* [Work task] Your answer must contain each line of the listing in which "Image" appears, copied in full.

[[ Data extract open ]]

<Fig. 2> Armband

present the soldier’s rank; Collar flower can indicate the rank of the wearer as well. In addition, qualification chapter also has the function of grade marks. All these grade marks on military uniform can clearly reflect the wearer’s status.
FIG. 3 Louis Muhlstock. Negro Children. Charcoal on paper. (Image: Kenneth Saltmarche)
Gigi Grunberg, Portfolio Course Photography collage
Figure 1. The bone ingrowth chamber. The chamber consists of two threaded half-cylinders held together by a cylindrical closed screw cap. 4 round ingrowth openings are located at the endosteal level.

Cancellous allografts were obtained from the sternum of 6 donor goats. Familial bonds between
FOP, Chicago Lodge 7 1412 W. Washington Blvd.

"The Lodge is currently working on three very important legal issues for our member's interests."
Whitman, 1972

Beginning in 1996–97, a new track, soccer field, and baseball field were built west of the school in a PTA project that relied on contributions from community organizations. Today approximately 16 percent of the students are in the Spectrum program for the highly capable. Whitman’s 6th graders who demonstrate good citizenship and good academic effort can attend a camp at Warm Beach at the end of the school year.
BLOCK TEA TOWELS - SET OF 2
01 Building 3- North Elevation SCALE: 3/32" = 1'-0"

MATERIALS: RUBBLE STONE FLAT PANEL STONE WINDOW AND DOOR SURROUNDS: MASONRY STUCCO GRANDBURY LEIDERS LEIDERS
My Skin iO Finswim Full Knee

[[ Data extract closed ]]
[[ Data extract open ]]

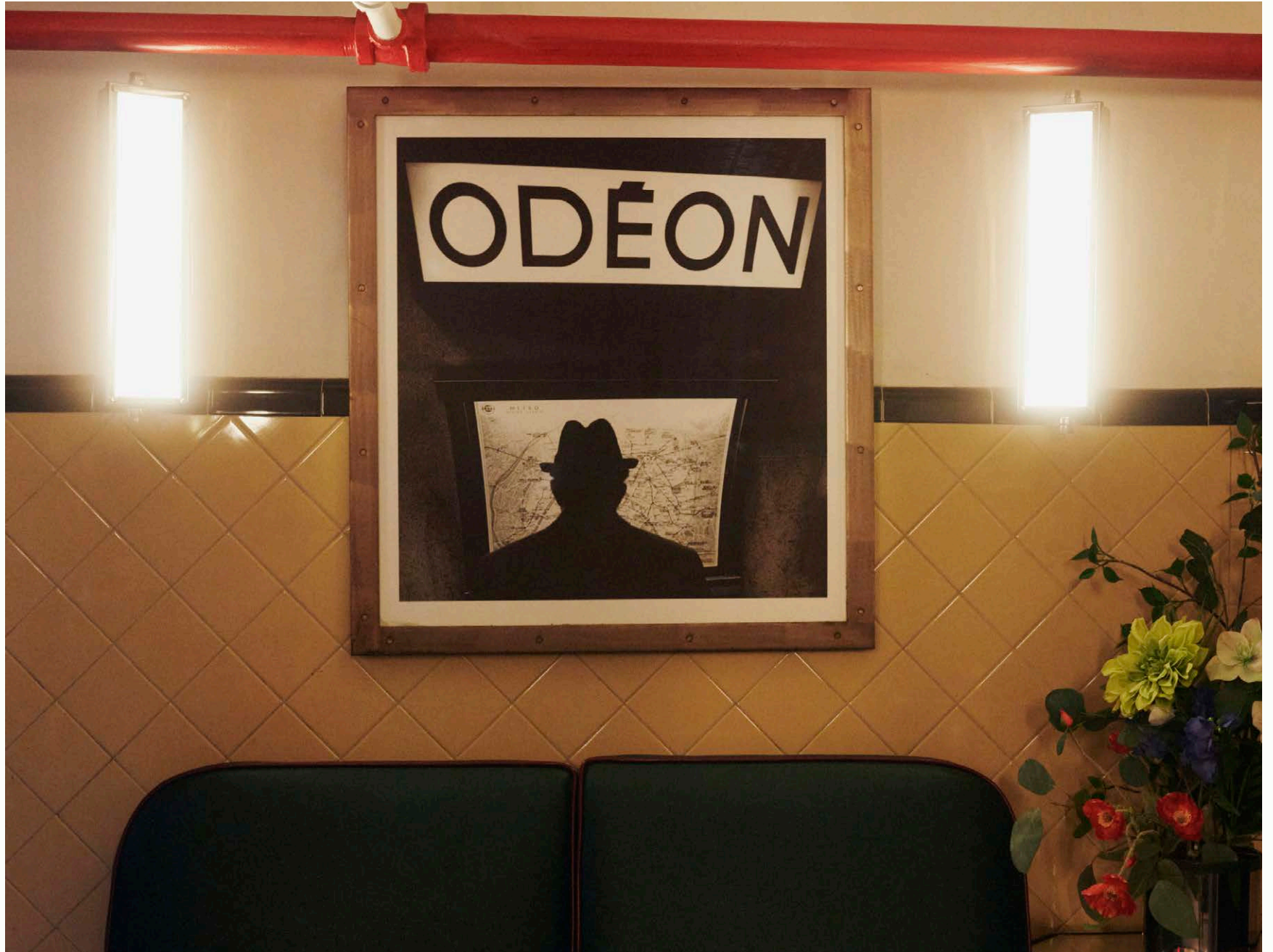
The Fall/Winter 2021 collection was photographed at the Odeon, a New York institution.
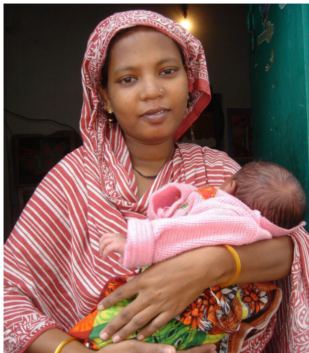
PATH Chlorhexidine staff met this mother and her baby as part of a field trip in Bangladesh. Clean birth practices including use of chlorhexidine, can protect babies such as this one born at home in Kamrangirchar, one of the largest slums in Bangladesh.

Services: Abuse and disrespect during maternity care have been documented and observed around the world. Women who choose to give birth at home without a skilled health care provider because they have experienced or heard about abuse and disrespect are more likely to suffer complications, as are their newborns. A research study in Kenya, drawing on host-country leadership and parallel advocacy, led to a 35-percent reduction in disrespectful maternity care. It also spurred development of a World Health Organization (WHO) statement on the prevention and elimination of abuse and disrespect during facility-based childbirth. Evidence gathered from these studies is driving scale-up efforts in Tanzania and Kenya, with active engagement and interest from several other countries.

[[ Data extract closed ]]
[[ Data extract open ]]

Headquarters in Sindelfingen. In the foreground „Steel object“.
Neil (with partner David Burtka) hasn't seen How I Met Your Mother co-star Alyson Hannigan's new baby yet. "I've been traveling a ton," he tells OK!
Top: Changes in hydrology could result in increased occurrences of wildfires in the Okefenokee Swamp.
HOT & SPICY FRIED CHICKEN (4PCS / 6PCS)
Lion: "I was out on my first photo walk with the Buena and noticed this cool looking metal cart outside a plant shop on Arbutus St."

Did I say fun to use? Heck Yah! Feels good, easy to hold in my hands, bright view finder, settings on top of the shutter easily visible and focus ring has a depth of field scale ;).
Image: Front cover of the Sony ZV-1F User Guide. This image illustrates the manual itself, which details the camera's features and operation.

[[ Data extract closed ]]

* [Expected answer]
FIG. 3 Louis Muhlstock. Negro Children. Charcoal on paper. (Image: Kenneth Saltmarche)
Image: Front cover of the Sony ZV-1F User Guide. This image illustrates the manual itself, which details the camera's features and operation.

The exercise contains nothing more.